--- Input data ---

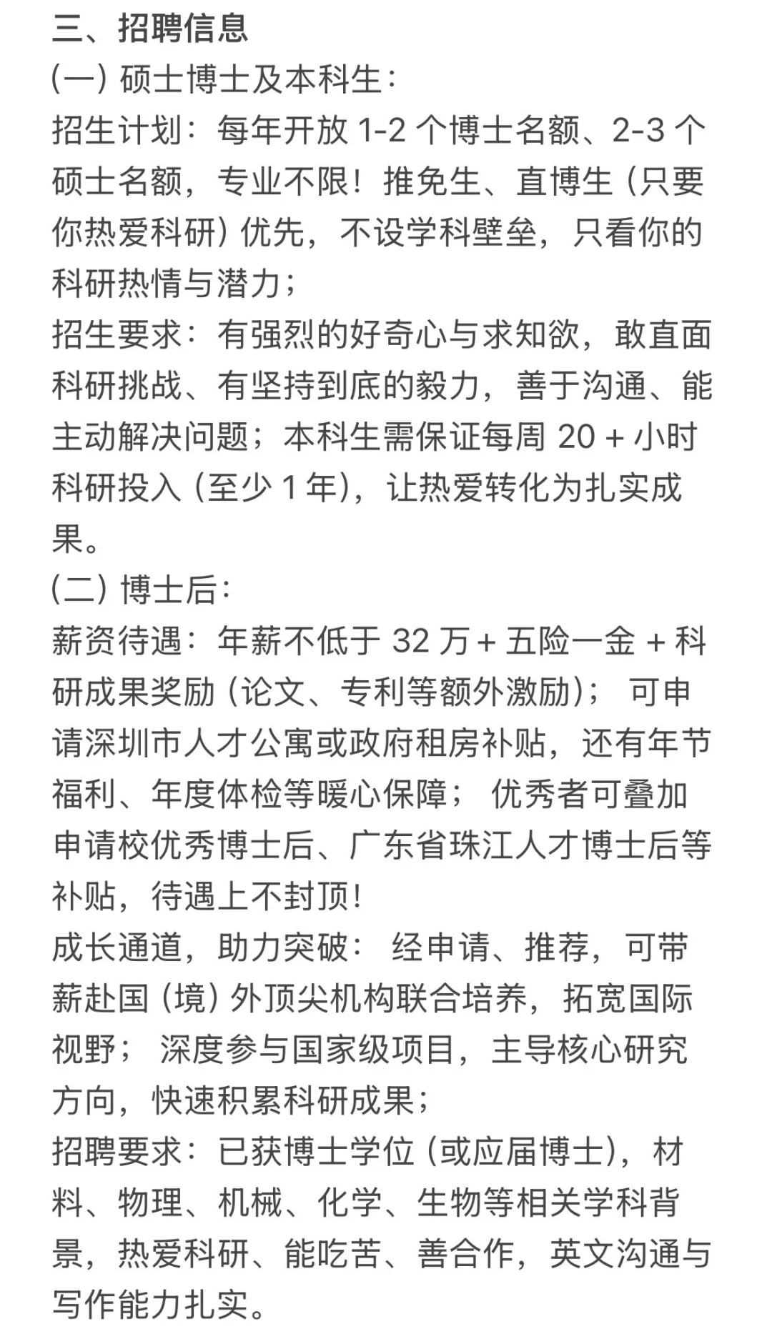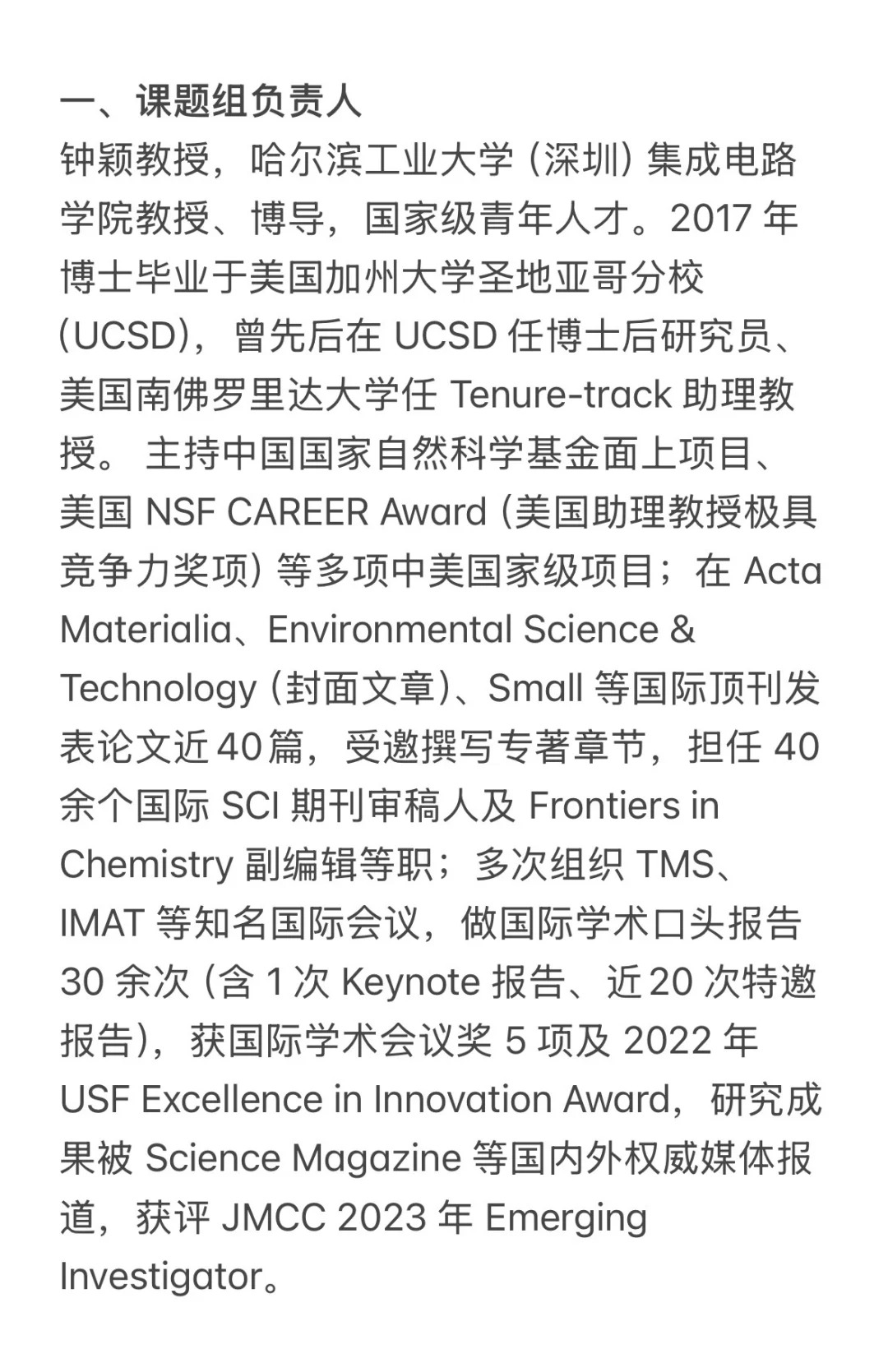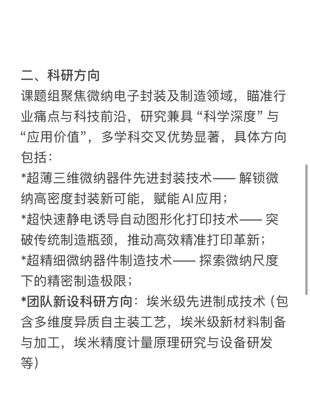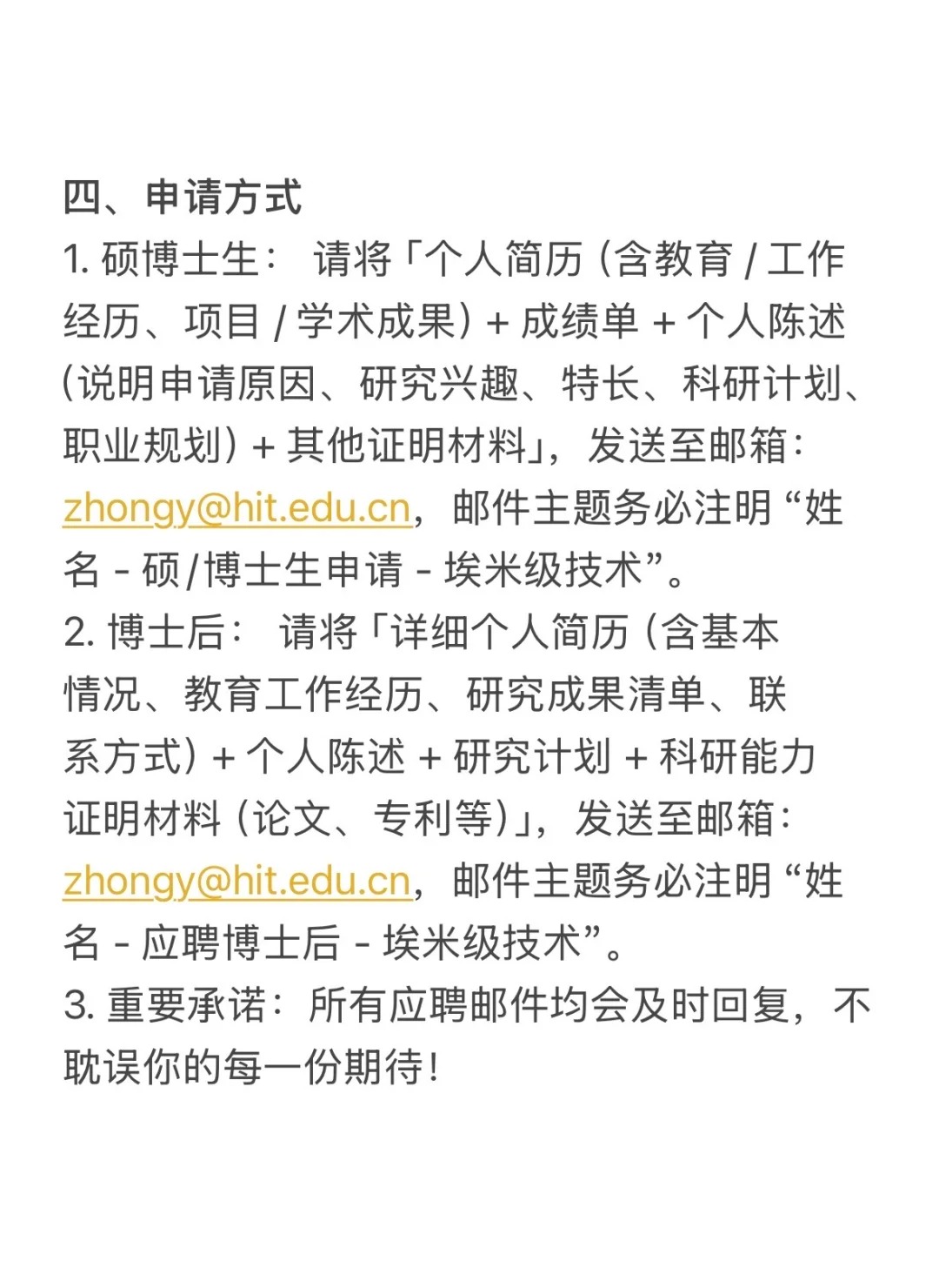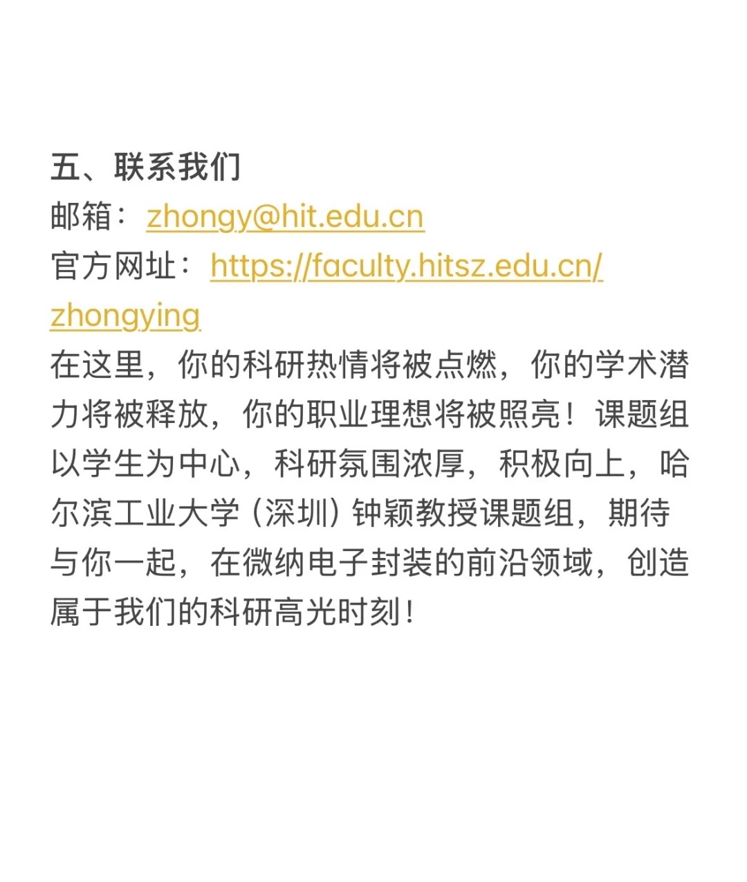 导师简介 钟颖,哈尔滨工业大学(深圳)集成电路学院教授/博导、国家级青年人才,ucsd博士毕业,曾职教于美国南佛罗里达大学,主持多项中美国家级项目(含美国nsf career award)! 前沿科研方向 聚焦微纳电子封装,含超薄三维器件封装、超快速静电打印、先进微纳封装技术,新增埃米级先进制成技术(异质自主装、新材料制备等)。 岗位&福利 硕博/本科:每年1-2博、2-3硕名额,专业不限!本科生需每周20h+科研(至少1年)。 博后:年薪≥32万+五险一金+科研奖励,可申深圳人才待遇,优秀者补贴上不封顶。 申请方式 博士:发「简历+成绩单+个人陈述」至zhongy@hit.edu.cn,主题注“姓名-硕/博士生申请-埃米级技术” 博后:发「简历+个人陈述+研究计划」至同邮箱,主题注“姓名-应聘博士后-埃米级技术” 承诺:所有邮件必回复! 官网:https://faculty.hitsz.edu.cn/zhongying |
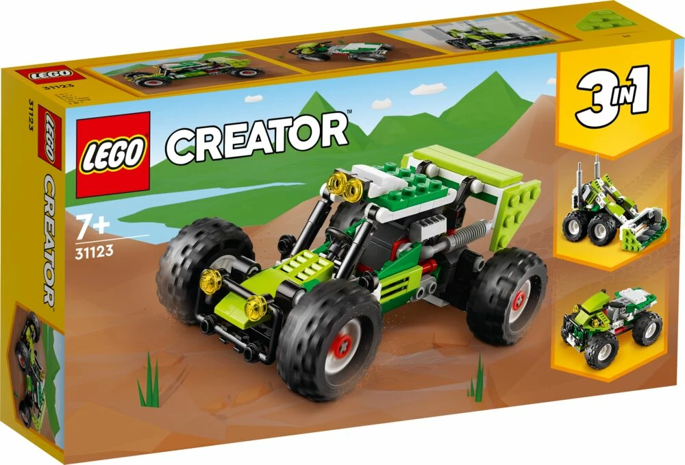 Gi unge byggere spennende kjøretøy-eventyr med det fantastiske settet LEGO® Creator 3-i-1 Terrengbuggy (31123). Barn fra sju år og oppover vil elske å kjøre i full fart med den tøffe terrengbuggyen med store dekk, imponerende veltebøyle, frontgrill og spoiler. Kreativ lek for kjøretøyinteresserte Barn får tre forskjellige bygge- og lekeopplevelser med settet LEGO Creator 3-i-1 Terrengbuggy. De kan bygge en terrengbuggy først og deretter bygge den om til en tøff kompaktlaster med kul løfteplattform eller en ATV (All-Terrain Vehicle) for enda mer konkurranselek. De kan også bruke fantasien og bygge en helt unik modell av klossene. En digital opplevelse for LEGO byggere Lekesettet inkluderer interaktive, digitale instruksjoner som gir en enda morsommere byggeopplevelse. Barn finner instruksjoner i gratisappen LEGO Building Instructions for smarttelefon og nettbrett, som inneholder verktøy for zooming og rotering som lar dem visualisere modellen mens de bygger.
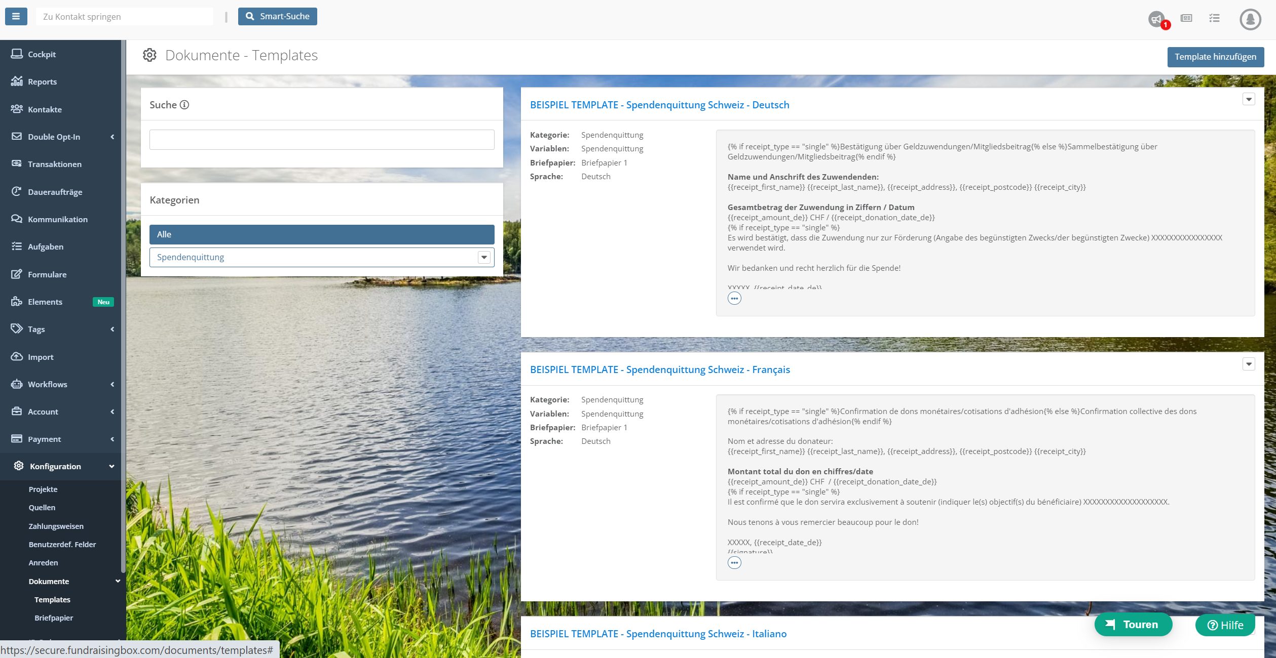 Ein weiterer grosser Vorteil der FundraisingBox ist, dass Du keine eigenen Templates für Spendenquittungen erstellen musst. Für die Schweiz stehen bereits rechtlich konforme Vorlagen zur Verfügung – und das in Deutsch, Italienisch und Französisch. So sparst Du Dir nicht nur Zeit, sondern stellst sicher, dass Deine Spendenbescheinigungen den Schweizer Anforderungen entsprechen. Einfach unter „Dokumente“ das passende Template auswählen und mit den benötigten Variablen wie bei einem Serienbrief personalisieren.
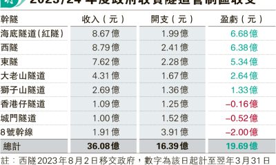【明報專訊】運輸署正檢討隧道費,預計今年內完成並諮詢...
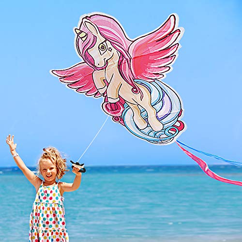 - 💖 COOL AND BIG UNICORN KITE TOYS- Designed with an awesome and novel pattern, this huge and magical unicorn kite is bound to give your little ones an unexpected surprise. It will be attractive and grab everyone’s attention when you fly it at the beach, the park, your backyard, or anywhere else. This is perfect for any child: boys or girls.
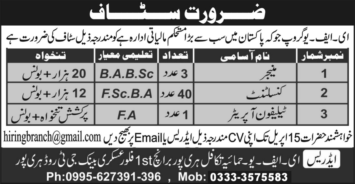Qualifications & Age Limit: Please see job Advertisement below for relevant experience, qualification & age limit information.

---

Working from the material above, transcribe it exactly while omitting pictures.

 导师简介 钟颖,哈尔滨工业大学(深圳)集成电路学院教授/博导、国家级青年人才,ucsd博士毕业,曾职教于美国南佛罗里达大学,主持多项中美国家级项目(含美国nsf career award)! 前沿科研方向 聚焦微纳电子封装,含超薄三维器件封装、超快速静电打印、先进微纳封装技术,新增埃米级先进制成技术(异质自主装、新材料制备等)。 岗位&福利 硕博/本科:每年1-2博、2-3硕名额,专业不限!本科生需每周20h+科研(至少1年)。 博后:年薪≥32万+五险一金+科研奖励,可申深圳人才待遇,优秀者补贴上不封顶。 申请方式 博士:发「简历+成绩单+个人陈述」至zhongy@hit.edu.cn,主题注“姓名-硕/博士生申请-埃米级技术” 博后:发「简历+个人陈述+研究计划」至同邮箱,主题注“姓名-应聘博士后-埃米级技术” 承诺:所有邮件必回复! 官网:https://faculty.hitsz.edu.cn/zhongying |
 Gi unge byggere spennende kjøretøy-eventyr med det fantastiske settet LEGO® Creator 3-i-1 Terrengbuggy (31123). Barn fra sju år og oppover vil elske å kjøre i full fart med den tøffe terrengbuggyen med store dekk, imponerende veltebøyle, frontgrill og spoiler. Kreativ lek for kjøretøyinteresserte Barn får tre forskjellige bygge- og lekeopplevelser med settet LEGO Creator 3-i-1 Terrengbuggy. De kan bygge en terrengbuggy først og deretter bygge den om til en tøff kompaktlaster med kul løfteplattform eller en ATV (All-Terrain Vehicle) for enda mer konkurranselek. De kan også bruke fantasien og bygge en helt unik modell av klossene. En digital opplevelse for LEGO byggere Lekesettet inkluderer interaktive, digitale instruksjoner som gir en enda morsommere byggeopplevelse. Barn finner instruksjoner i gratisappen LEGO Building Instructions for smarttelefon og nettbrett, som inneholder verktøy for zooming og rotering som lar dem visualisere modellen mens de bygger.
 Ein weiterer grosser Vorteil der FundraisingBox ist, dass Du keine eigenen Templates für Spendenquittungen erstellen musst. Für die Schweiz stehen bereits rechtlich konforme Vorlagen zur Verfügung – und das in Deutsch, Italienisch und Französisch. So sparst Du Dir nicht nur Zeit, sondern stellst sicher, dass Deine Spendenbescheinigungen den Schweizer Anforderungen entsprechen. Einfach unter „Dokumente“ das passende Template auswählen und mit den benötigten Variablen wie bei einem Serienbrief personalisieren.
【明報專訊】運輸署正檢討隧道費,預計今年內完成並諮詢...
 - 💖 COOL AND BIG UNICORN KITE TOYS- Designed with an awesome and novel pattern, this huge and magical unicorn kite is bound to give your little ones an unexpected surprise. It will be attractive and grab everyone’s attention when you fly it at the beach, the park, your backyard, or anywhere else. This is perfect for any child: boys or girls.
Qualifications & Age Limit: Please see job Advertisement below for relevant experience, qualification & age limit information.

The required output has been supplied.